The share of sovereign borrowers in developing country issuance activity (excluding the NICs) declined from 40 percent in 1991 to 30 percent during the first half of 1992 (Table A7). As in 1991, other public-sector entities continued to account for about 40 percent of total issuance activity in the first half of 1992. Private-sector entities, on the other hand, accounted for an increasing share; they represented 31 percent of issuance activity in the first half of 1992, compared with 20 percent in 1991 and with only 13 percent in 1990.
In addition to expanding volume, terms on new issues continued to improve for several countries. Yield spreads at launch for bonds issued by Argentine, Brazilian, Mexican, South African, and Turkish borrowers narrowed in 1991 and in the first half of 1992 as investor concerns about sovereign risk diminished (Table A8). Mexican public-sector borrowers tapped various currency sectors at yield spreads lower than those achieved by public-sector borrowers from several countries (including Hungary and Turkey) that did not lose access to private market financing and that have higher credit ratings. Yield spreads for sovereign borrowers in the international bond market in the first half of 1992 were an average 194 basis points above corresponding government paper from industrial countries; the yield spread averaged 260 basis points for public-sector borrowers and 453 basis points for private-sector borrowers.33
Investors were also receptive to longer maturities, allowing a lengthening of the average tenor for placements by Argentina, Brazil, Hungary, Mexico, and Venezuela. Three Latin American borrowers managed to place 10-year bonds, and Banca Serfin (a Mexican bank) placed a 12-year note in June 1992 (not only the longest-dated deal for a Latin American issuer, but also the first time a private-sector issuer had obtained a tenor longer than five years). These issues helped establish a more complete yield curve and constituted important benchmarks for bond issues by other borrowers from the region. In contrast, Brazilian borrowers generally issued two-year notes until May 1992 when the authorities banned new issuance at maturities of less than three years and took measures to discourage the issuance of bonds with a maturity of between three years and five years.
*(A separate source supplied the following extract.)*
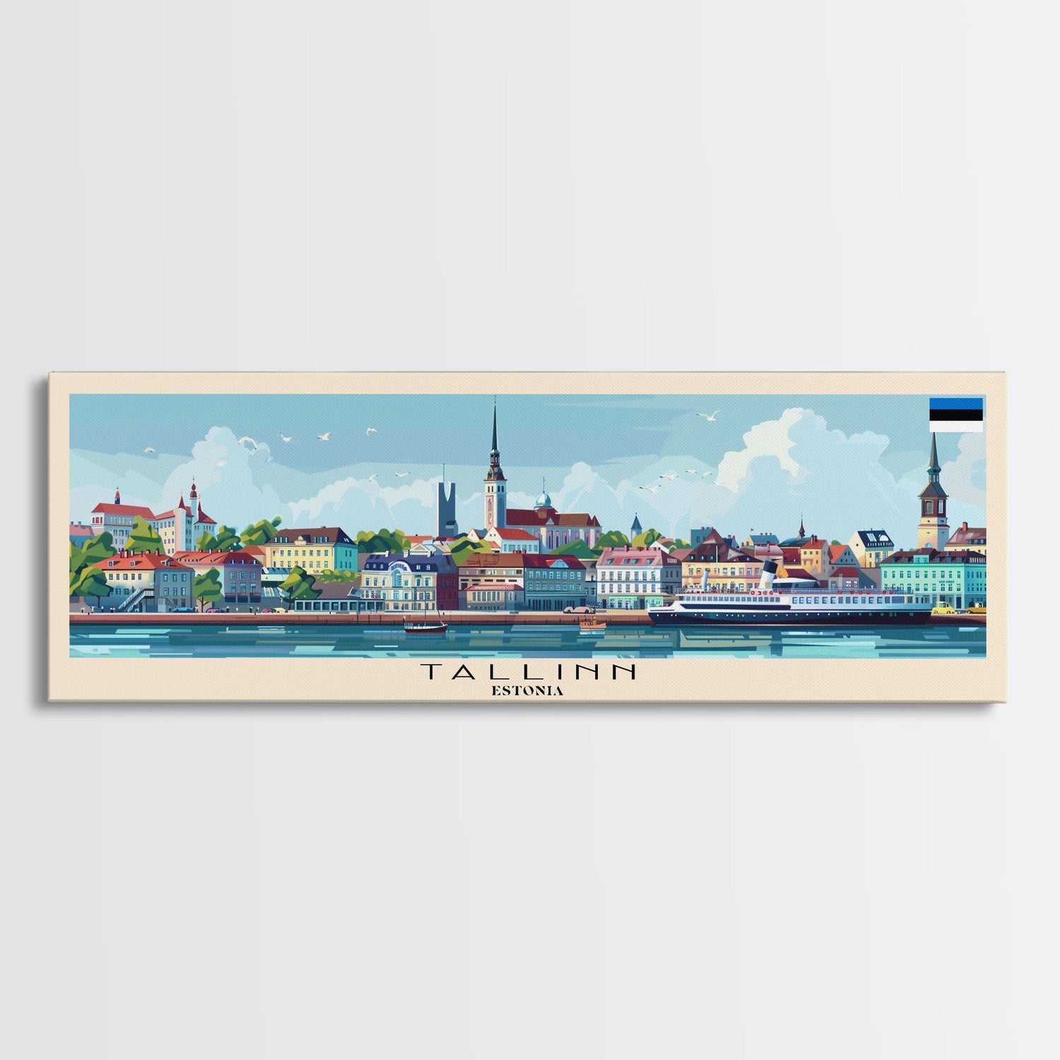 Tallinn Estonia Panoramic Travel Poster, Framed Canvas Print or Metal Wall Art, Travel Art, Home Decor, Panoramic Painting, Midcentury Art

In terms of currency composition, the U.S. dollar sector continued to be the major funding source for developing country borrowers, particularly for Latin American issuers. Placements in the dollar sector accounted for about two thirds of total resources raised by developing countries during 1991 and the first half of 1992, a much larger share than in the global Eurobond market (Table A9). The high share of dollar-denominated securities reflected both the currency preferences of investors (most flight capital is believed to be held in U.S. dollars) and the currency composition of Latin American companies’ export receipts. In addition, the recent fall in short-term U.S. interest rates made U.S.-based investors more willing to purchase Latin American securities. In this context, developing country borrowers have been able to tap the rapidly growing “Yankee” market. The “Yankee” issues by Hungary and Mexico in September 1992 represented the first issues in this market by borrowers with sub-investment grade credit ratings.34
The Euro-yen sector became the second largest currency sector used by developing country borrowers during the first half of 1992, while issuance activity in the deutsche mark sector declined. In line with developments in the global market, activity by developing country borrowers in the ECU sector increased to an historically high level in the first quarter of 1992 but collapsed after the results of the Danish referendum on Maastricht. To diversify their funding base and tap new investor pools, Latin American (principally Mexican) borrowers have also issued in the Canadian dollar, French franc, pound sterling, peseta, and Swiss franc sectors since July 1991; in each case, the issue represented the first Latin American issue in that currency sector since the onset of the debt crisis. These issues offered local investors the possibility of portfolio diversification and attractive returns. So far, however, issues in these currency sectors have accounted for less than 5 percent of total issues by developing countries.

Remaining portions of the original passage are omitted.